Prompt »
Copy out each line below verbatim, skipping any picture.

Input data »
..............................

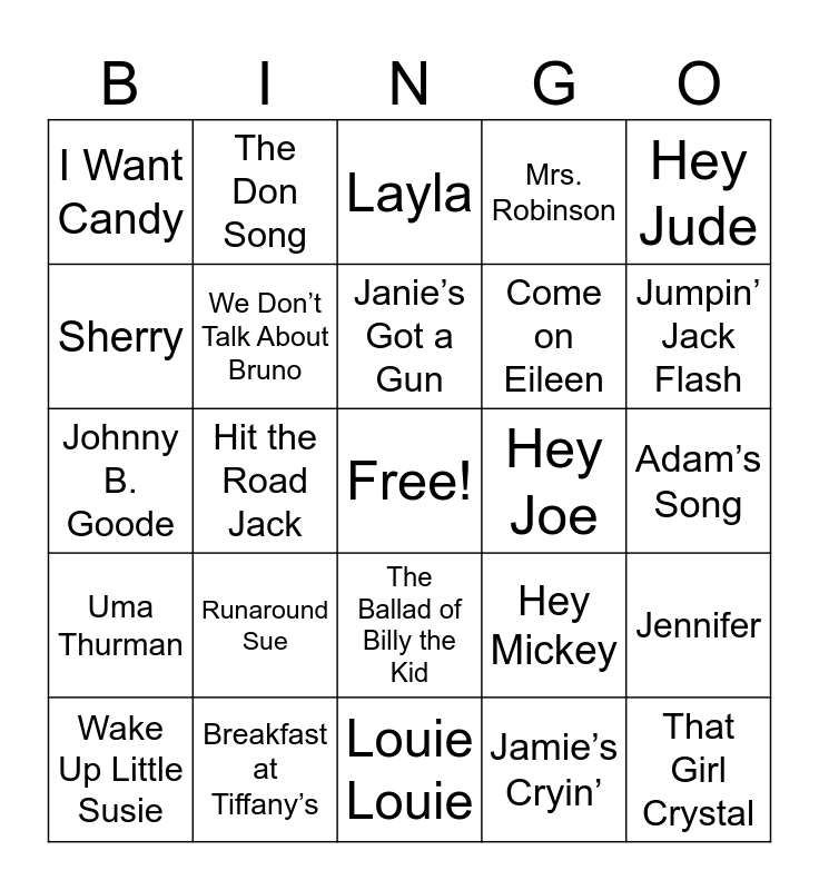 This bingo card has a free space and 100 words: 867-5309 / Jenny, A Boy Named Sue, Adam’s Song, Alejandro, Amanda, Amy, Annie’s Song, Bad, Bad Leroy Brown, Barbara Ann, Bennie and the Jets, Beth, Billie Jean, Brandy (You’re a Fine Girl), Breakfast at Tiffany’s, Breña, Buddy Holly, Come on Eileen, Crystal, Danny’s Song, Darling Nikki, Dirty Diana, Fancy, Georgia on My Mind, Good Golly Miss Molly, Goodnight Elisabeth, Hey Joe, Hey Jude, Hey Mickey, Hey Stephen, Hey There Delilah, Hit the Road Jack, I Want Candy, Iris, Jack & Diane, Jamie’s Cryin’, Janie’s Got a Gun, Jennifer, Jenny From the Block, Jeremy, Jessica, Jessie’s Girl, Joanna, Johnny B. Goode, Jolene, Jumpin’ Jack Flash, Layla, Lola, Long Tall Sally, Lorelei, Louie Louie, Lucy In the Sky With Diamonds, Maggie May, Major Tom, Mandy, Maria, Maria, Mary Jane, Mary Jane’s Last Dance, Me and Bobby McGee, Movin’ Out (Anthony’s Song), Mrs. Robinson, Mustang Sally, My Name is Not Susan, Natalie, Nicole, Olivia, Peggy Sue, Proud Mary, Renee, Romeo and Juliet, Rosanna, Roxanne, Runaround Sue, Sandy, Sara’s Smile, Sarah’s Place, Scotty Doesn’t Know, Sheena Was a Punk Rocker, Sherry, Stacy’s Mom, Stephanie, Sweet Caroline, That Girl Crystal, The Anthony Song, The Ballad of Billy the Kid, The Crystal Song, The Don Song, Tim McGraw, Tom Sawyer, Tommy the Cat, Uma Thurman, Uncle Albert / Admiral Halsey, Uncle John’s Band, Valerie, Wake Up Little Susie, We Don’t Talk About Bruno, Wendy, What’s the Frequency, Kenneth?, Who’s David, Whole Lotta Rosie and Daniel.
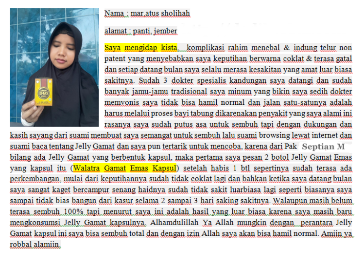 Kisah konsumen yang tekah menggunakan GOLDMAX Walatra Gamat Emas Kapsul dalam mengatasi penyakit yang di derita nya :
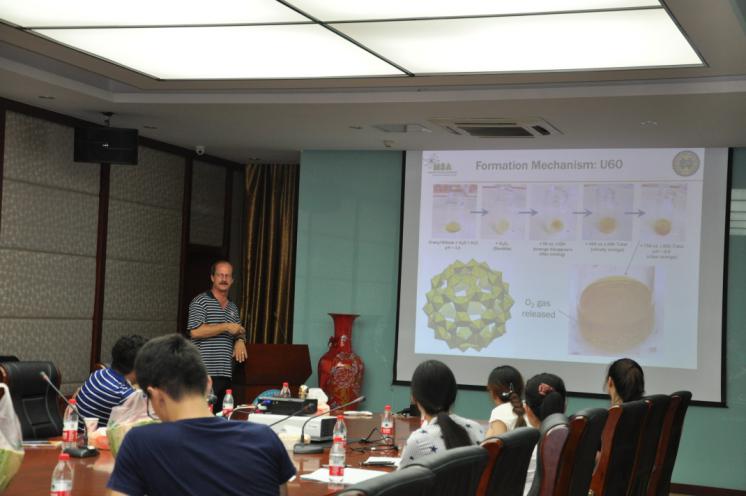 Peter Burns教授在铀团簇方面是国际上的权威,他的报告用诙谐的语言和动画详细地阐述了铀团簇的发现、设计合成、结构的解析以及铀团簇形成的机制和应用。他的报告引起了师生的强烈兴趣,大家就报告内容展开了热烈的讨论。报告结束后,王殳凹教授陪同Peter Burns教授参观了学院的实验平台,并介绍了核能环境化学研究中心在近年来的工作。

..............................

Answer box »
 This bingo card has a free space and 100 words: 867-5309 / Jenny, A Boy Named Sue, Adam’s Song, Alejandro, Amanda, Amy, Annie’s Song, Bad, Bad Leroy Brown, Barbara Ann, Bennie and the Jets, Beth, Billie Jean, Brandy (You’re a Fine Girl), Breakfast at Tiffany’s, Breña, Buddy Holly, Come on Eileen, Crystal, Danny’s Song, Darling Nikki, Dirty Diana, Fancy, Georgia on My Mind, Good Golly Miss Molly, Goodnight Elisabeth, Hey Joe, Hey Jude, Hey Mickey, Hey Stephen, Hey There Delilah, Hit the Road Jack, I Want Candy, Iris, Jack & Diane, Jamie’s Cryin’, Janie’s Got a Gun, Jennifer, Jenny From the Block, Jeremy, Jessica, Jessie’s Girl, Joanna, Johnny B. Goode, Jolene, Jumpin’ Jack Flash, Layla, Lola, Long Tall Sally, Lorelei, Louie Louie, Lucy In the Sky With Diamonds, Maggie May, Major Tom, Mandy, Maria, Maria, Mary Jane, Mary Jane’s Last Dance, Me and Bobby McGee, Movin’ Out (Anthony’s Song), Mrs. Robinson, Mustang Sally, My Name is Not Susan, Natalie, Nicole, Olivia, Peggy Sue, Proud Mary, Renee, Romeo and Juliet, Rosanna, Roxanne, Runaround Sue, Sandy, Sara’s Smile, Sarah’s Place, Scotty Doesn’t Know, Sheena Was a Punk Rocker, Sherry, Stacy’s Mom, Stephanie, Sweet Caroline, That Girl Crystal, The Anthony Song, The Ballad of Billy the Kid, The Crystal Song, The Don Song, Tim McGraw, Tom Sawyer, Tommy the Cat, Uma Thurman, Uncle Albert / Admiral Halsey, Uncle John’s Band, Valerie, Wake Up Little Susie, We Don’t Talk About Bruno, Wendy, What’s the Frequency, Kenneth?, Who’s David, Whole Lotta Rosie and Daniel.
 Kisah konsumen yang tekah menggunakan GOLDMAX Walatra Gamat Emas Kapsul dalam mengatasi penyakit yang di derita nya :
 Peter Burns教授在铀团簇方面是国际上的权威,他的报告用诙谐的语言和动画详细地阐述了铀团簇的发现、设计合成、结构的解析以及铀团簇形成的机制和应用。他的报告引起了师生的强烈兴趣,大家就报告内容展开了热烈的讨论。报告结束后,王殳凹教授陪同Peter Burns教授参观了学院的实验平台,并介绍了核能环境化学研究中心在近年来的工作。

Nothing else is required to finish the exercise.